E lo hanno fatto con un EP omonimo che ce li presenta come una realtà sonora dedita a un noise rock massiccio e di grande impatto, che però non si spinge praticamente mai verso soluzioni che possano guardare a velocità eccessive, ma punta a sfiancare l’ascoltatore attraverso un costante lavoro ai fianchi, fatto di un’intransigenza e un’intensità sempre portate ai limiti del possibile. Il sound degli Swerve è un qualcosa che corrode e distrugge ogni speranza di uscire vivi dopo aver fatto la conoscenza con il loro muro di suono.

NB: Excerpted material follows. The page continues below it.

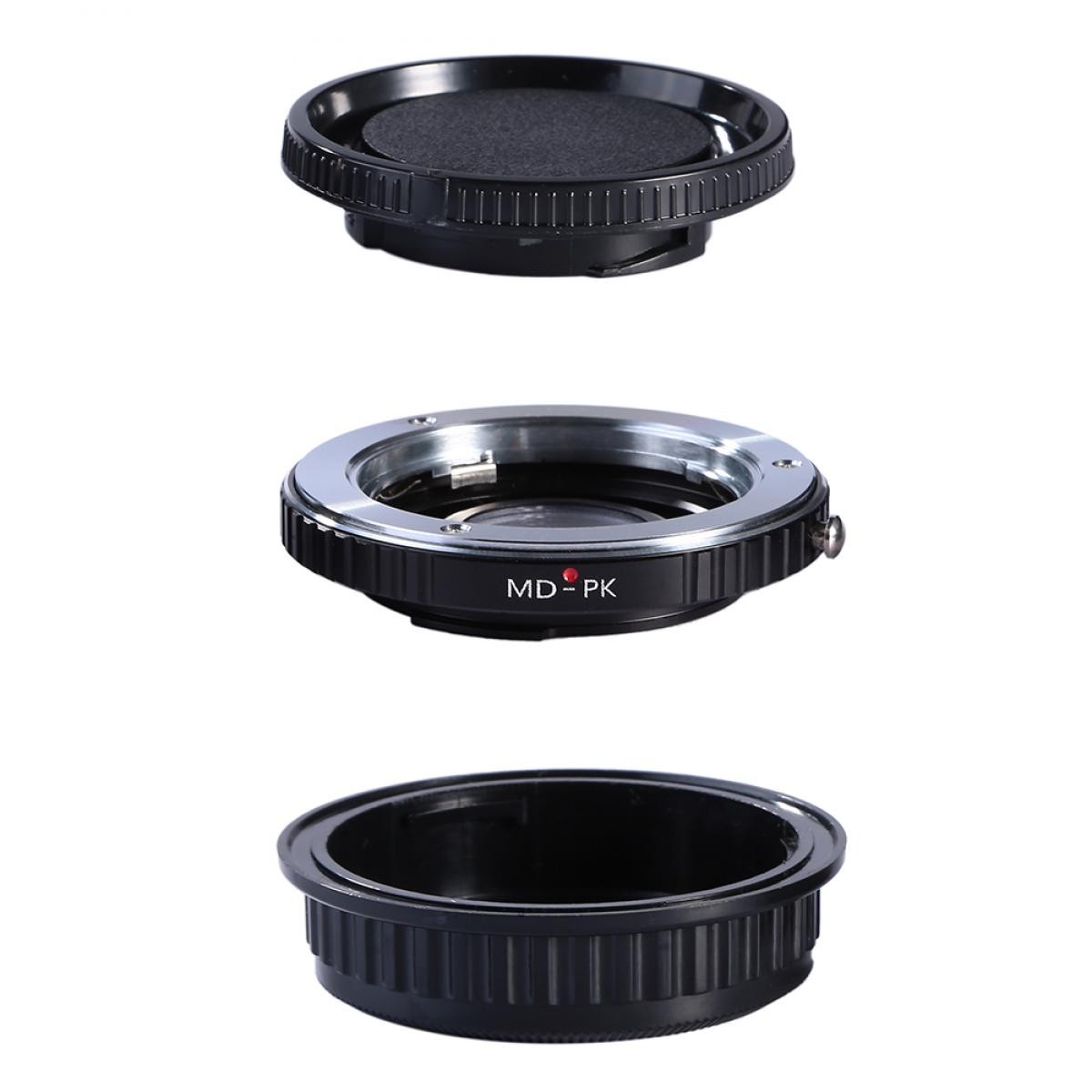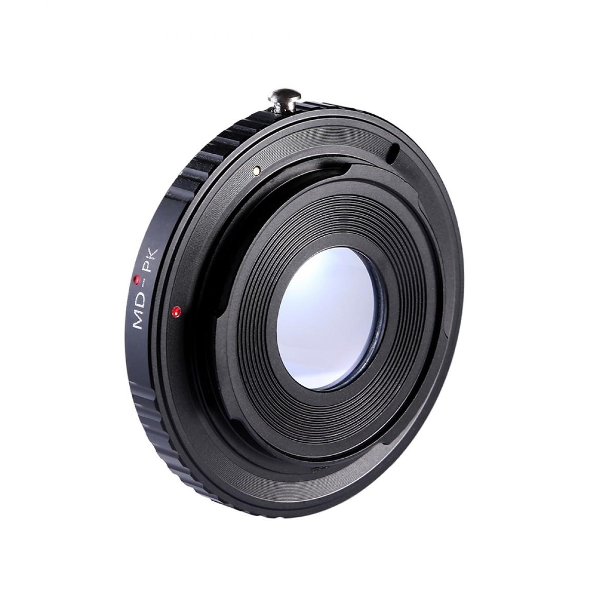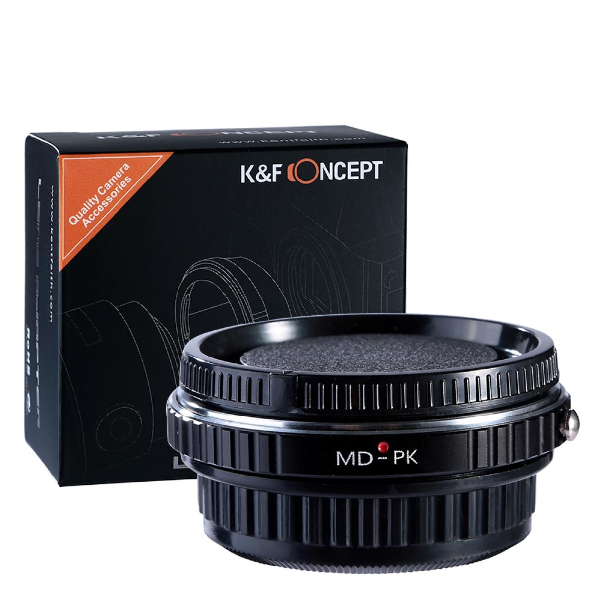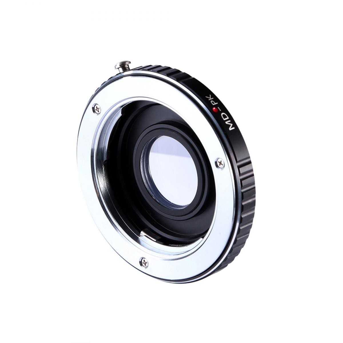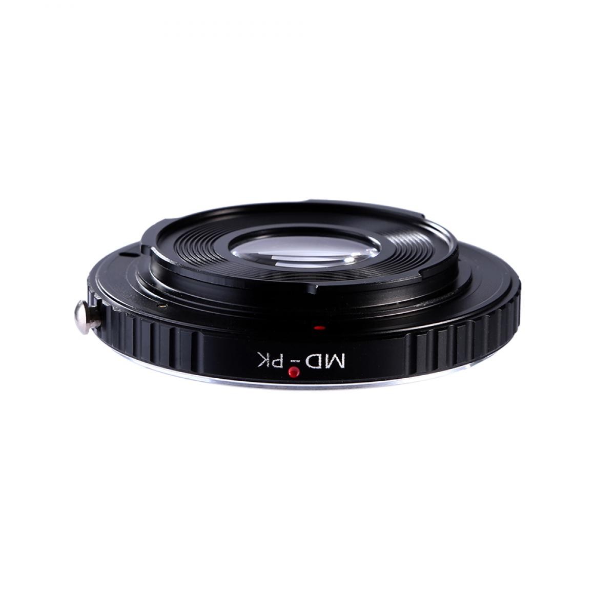 K&F Minolta MD–Pentax K objektivni adapter z optičnim steklom omogoča namestitev objektivov Minolta MD/MC na DSLR fotoaparate Pentax K-mount, ponuja trpežno konstrukcijo in podporo za neskončno ostrenje.

Un muro a tratti quasi grezzo, ma che, grazie a questa loro mancanza di patina, risulta gradevolmente influenzata da un’ingenuità di fondo che mostra tutta la spontaneità di una band che saprà crescere. “Swerve” è un disco registrato in presa diretta, e che cattura quindi al meglio l’energia incontrollabile e indomabile.

Non sarebbe stata la stessa cosa avere tra le mani un album costruito appositamente per l’ascolto. Se si tratta di mettere nero su bianco quelle che sono le intenzioni della band olandese, questa è l’unica soluzione percorribile.